GDT-SwinKid: A hybrid model for precise renal lesion analysis.
Authors
Affiliations (5)
Affiliations (5)
- Department of Computer Science and Engineering, Vignan's Institute of Information Technology (A), Visakhapatnam, Andhra Pradesh, India.
- Vignan's Institute of Information Technology (A), Besides VSEZ, Vadlapudi Duvvada, Visakhapatnam, Andhra Pradesh, India.
- Department of Computer Sciences, College of Computer and Information Sciences, Princess Nourah bint Abdulrahman University, Riyadh, Saudi Arabia.
- Department of Software Engineering, College of Computer Engineering and Science, Prince Mohammad Bin Fahd University, Al Khobar, Kingdom of Saudi Arabia.
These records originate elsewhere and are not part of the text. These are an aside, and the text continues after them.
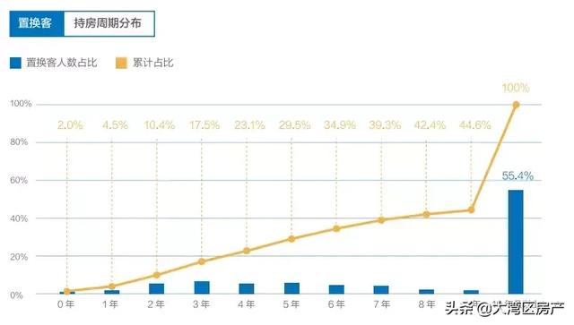 从时间分布上来看,以10年为界,持房10年及以上再换房的占比为55.4%,5年及以下的占比为29.5%,也就是说,有45%的置换客选择在10年内换房,有接近30%的客户选择在5年内换房。
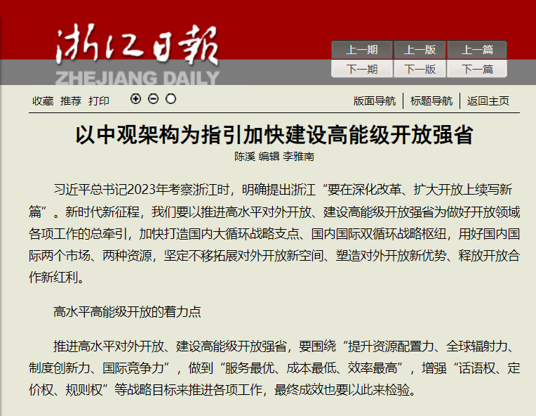 1月20日,浙江日报理论周刊(7版)、潮新闻刊发来利国际旗舰厅特聘教授、城市国际化研究院经理陈溪教授撰写的理论文章《以中观架构为指引加快建设高能级开放强省》。
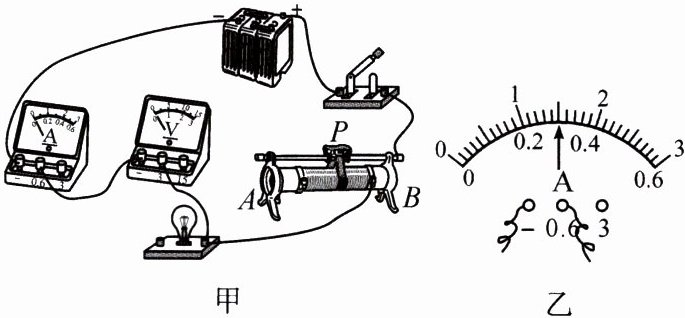 (2) 某次实验过程中电压表示数为 $ 2 \, V $,为测定小灯泡的额定功率,小红应将变阻器滑片向____(选填“$ A $”或“$ B $”)端移动,同时注意观察电压表的示数变化,直到小灯泡正常发光,此时电流表示数如图乙所示,则小灯泡的额定功率为____ $ W $。
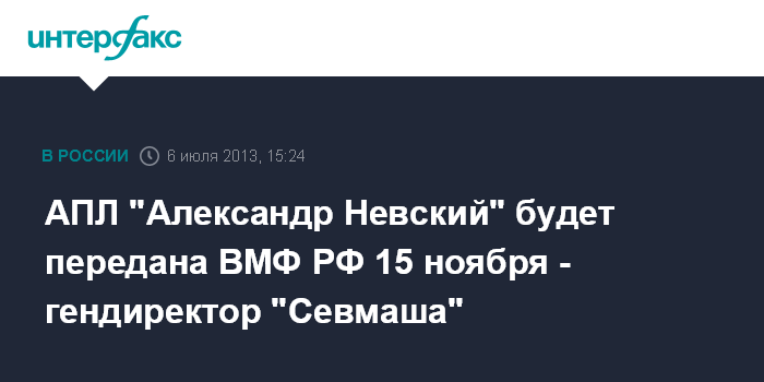 Санкт-Петербург. 6 июля. INTERFAX.RU - Атомный ракетный подводный крейсер стратегического назначения "Александр Невский" проекта 955 "Борей" будет передан ВМФ России 15 ноября, до этого в сентябре он выполнит стрельбу межконтинентальной баллистической ракетой (МБР) "Булава", сообщил в субботу в ходе 6-го Международного военно-морского салона гендиректор северодвинского "Севмаша" (входит в состав Объединенной судостроительной корпорации) Михаил Будниченко.
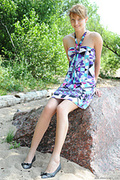 Nineteen glamor wifes stunner takes off her dress and lies down on the sand to show her sweet tits and pussy.
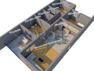 Four-room apartment located in Stupnik, NKP 95 m2 (S2). It is located on the ground floor of a one-story building. It consists of an entrance hall, three bedrooms, two bathrooms with toilets, a kitchen with a dining area, a living room and a utility room. The apartment has a garden of 50 m2 (net: 5 m2). It is equipped with PVC joinery, air conditioning, security doors and a video intercom. The floor is covered with parquet and ceramics. Heating is provided by heat pumps.

- Computer Science Department, Faculty of Computers and Information, Qena University, Qena, Egypt.
Abstract
Detecting and delineating renal lesions accurately remains a significant clinical problem due to the variety of kidney pathology and subtle differences in CT image interpretation. In this paper, we present the design of a next-generation hybrid model called GDT-SwinKid (Gamma Distribution-based Swin Transformer for Renal Lesions), which integrates the hierarchical feature attention mechanisms of Swin Transforms with a modified U-Net decoder and employs advanced statistical modeling (specifically through an adaptive Gamma distribution). The design of GDT-SwinKid allows for both precise extraction of fine details regarding kidney lesions, as well as achieving overall contextual awareness using cross-attention and Gamma-modulated feature refinement to address the drawbacks of existing approaches. Through extensive validation utilizing a large set of clinical datasets, GDT-SwinKid achieved better performance through segmentation and classification, obtaining Dice coefficients as high as 0.95, with AUC values approaching 0.99, when compared to leading transformers and convolutional models. An absolute improvement of 5-9% in Dice coefficient compared to conventional U-Net and Swin Transformer baselines, and an increase in AUC-ROC values approaching 0.99, outperforming existing hybrid and transformer-based methods on the same CT kidney dataset. The inclusion of explainable attention maps and deep supervision provides increased trust and accountability while enabling the rapid and robust integration of GDT-SwinKid into diagnostic pipelines for kidney imaging. GDT-SwinKid combines statistical sensitivity, hierarchical attention and clinical transparency to provide a new standard for automated kidney lesion analysis and to increase the reliability and use of newly developed AI techniques in renal imaging.